"Would you like a lesson, sir, in the rules of war?"
When a cruel green-eyed captain snarls these words at Mel Gibson in The Patriot, he is standing an arm's length away behind a carefully aimed pistol. And this is only moments after he has ordered his troops to execute every wounded enemy soldier on Gibson's property, and then to burn the house and barns, kill the livestock. What is his point?
There are no rules of war.
Fifty years earlier, a romantic comedy called "Dear Ruth" was a smash at the box office. Young, dashing William Holden played a war hero home on leave to see his girl. Cute movie. Along the way Ruth says to him, "Bill, you're not being fair." His reply?
"Oh, all's fair in love and war, and I'm in both!"
Okay. So where are we? Oh, yeah. There are no rules of war. Or are there? Or should there be?

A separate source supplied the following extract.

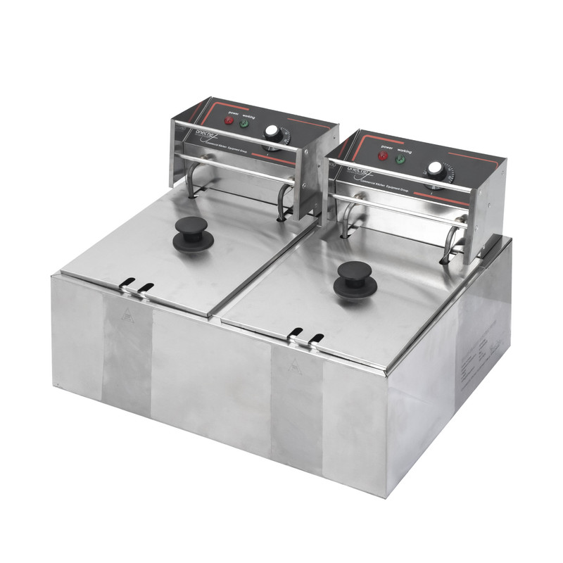 سرخ کن دو مخزن برقی وان شف با حجم هر مخزن 8 لیتر روغن و قدرت هر المنت 2500 وات و دارای ابعاد57x42x37 به شما امکان استفاده در آشپزخانه های کافی شاپ،رستوران و فست فود را می دهد این سرخ کن از جنس استنلس استیل و دارای ترموستات که جهت جلوگیری از سوختن روغن میباشد ترموستات این دستگاه قبلیت تنظیم دما تا 300 درجه سانتیگراد را دارد باید توجه داشت در هنگام استفاده از دستگاه از برخورد دست با بدنه دستگاه خودداری شود چرا که بدنه دستگاه داغ میشود .
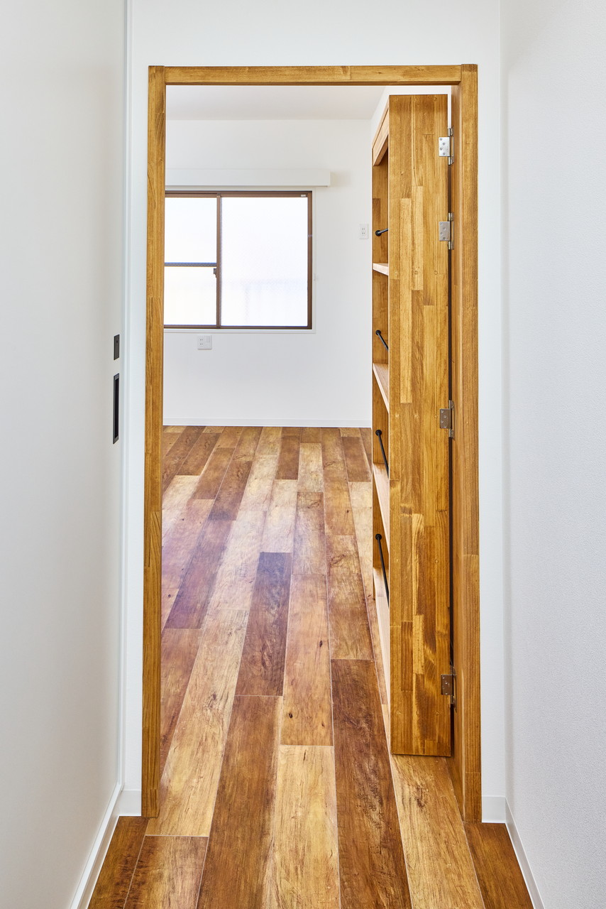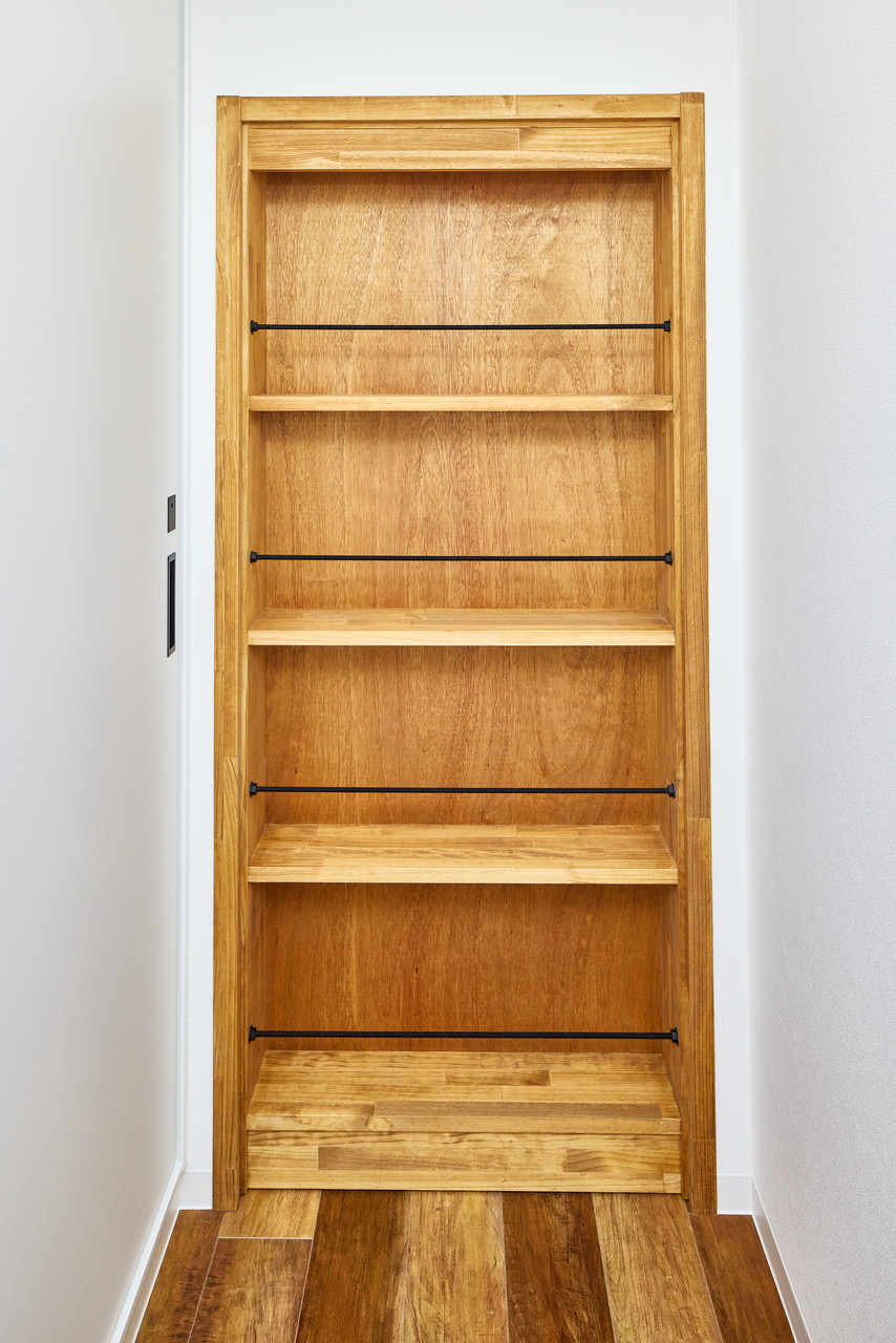 また、玄関そばにはおしゃれな木製のブックシェルフを設置。

Should civilians be off limits? Should prisoners be fed? Should torture be used in the interrogation process? Should we be allowed to get angry when these tactics are used on our citizens and soldiers when we're fine with using these same tactics on our enemies?
A few days ago the Australian press broadcast images of American troops setting the bodies of slain Iraqi insurgents on fire in the street. And it's been over a year since the images of Abu Ghraib prison leaked. What are we doing?
Responding. For months we watched hostage after hostage, civilians from many countries, beheaded by radical terrorist militant groups... proudly, defiantly. Our people, American citizens with families, were unsafe. And so Iraq's worst individuals taught us about the rules of war. Those intangible and seemingly non-existant rules.
But I don't think that reaction is justified. As angering as the terrorists' actions are, and as much as they evoke an animal rage within me, I hate to see our boys resort to those measures. I hate to see them sink that low. Because eventually, when those who make it home are home, and they sit back and think it all over, that will be something that haunts them. The self-defense killings, the inevitable collateral damage, will all balance out because our flag will still wave overhead. The acrid smoke and the stench of burning flesh and the hellish flames dancing on and in the bodies of the dead they have burned for bravado or as bait... that will never balance out. Instead it will hang in the minds of the men who committed the act, at an odd angle, never to be forgotten because they will wonder at its necessity.
Or, worse, it will be forgotten. And in the wars of the future the list of rules prohibiting crimes against humanity will diminish... becoming the "all's fair" and decreasing the gap between us and the barbarians of our history and our present.
I'm not saying that these dead men set ablaze don't deserve this treatment. The evil men who beheaded the hostages, the men who flew planes in the World Trade Center and all who commit these kinds of atrocities world-wide deserve this much and more. Still, we need to remember that this war isn't about what they deserve. It's about what we deserve: a better, safer, more tolerant world.
We curse Saddam as he sits smug and clean in a chair in a court half-way across the world, and as he proclaims that he is still in charge. We want him to pay for the massacre of more than a 100 innocent men, a whole town. And we want him to pay for more than that, too. He is evil, we say; he is inhuman. I say that, too. But we can only continue to look down on Saddam, call him those names and believe we are just when we sentence him to death, if we refuse to operate on his terms.
When we begin tormenting and torturing prisoners and defacing the bodies of the dead, then Saddam is right. He IS in charge. We're no better.
Playing World Police isn't easy, and it's probably not even a job that most of us want to focus on. Our country, after all, could use a little domestic overhaul. Still, the sucker punch we received on 9/11 akwakened a terribly patriotic beast. It was vengeful, our reaction, at first. Now it has become more, though. The idea of ridding the planet of terrorism entirely is an ideal one. It may even be impossible. But it remains noble!
That's our trump card. In a world that hounds us for our Shock and Awe Campaign and our bombing of Afghanistan and Iraq, we stand apart and alone... but tall, a head above the rest, because we're willing to refuse to be bullied, and we're able to stand up for those countries that can't afford the luxury of that stand on their own.
In the end, however, and as always, our victory must also be principled. We must be able to say that we did all we could to make this world better. Ridding the world of terrorism doesn't mean anything if we only become terrorists in the process.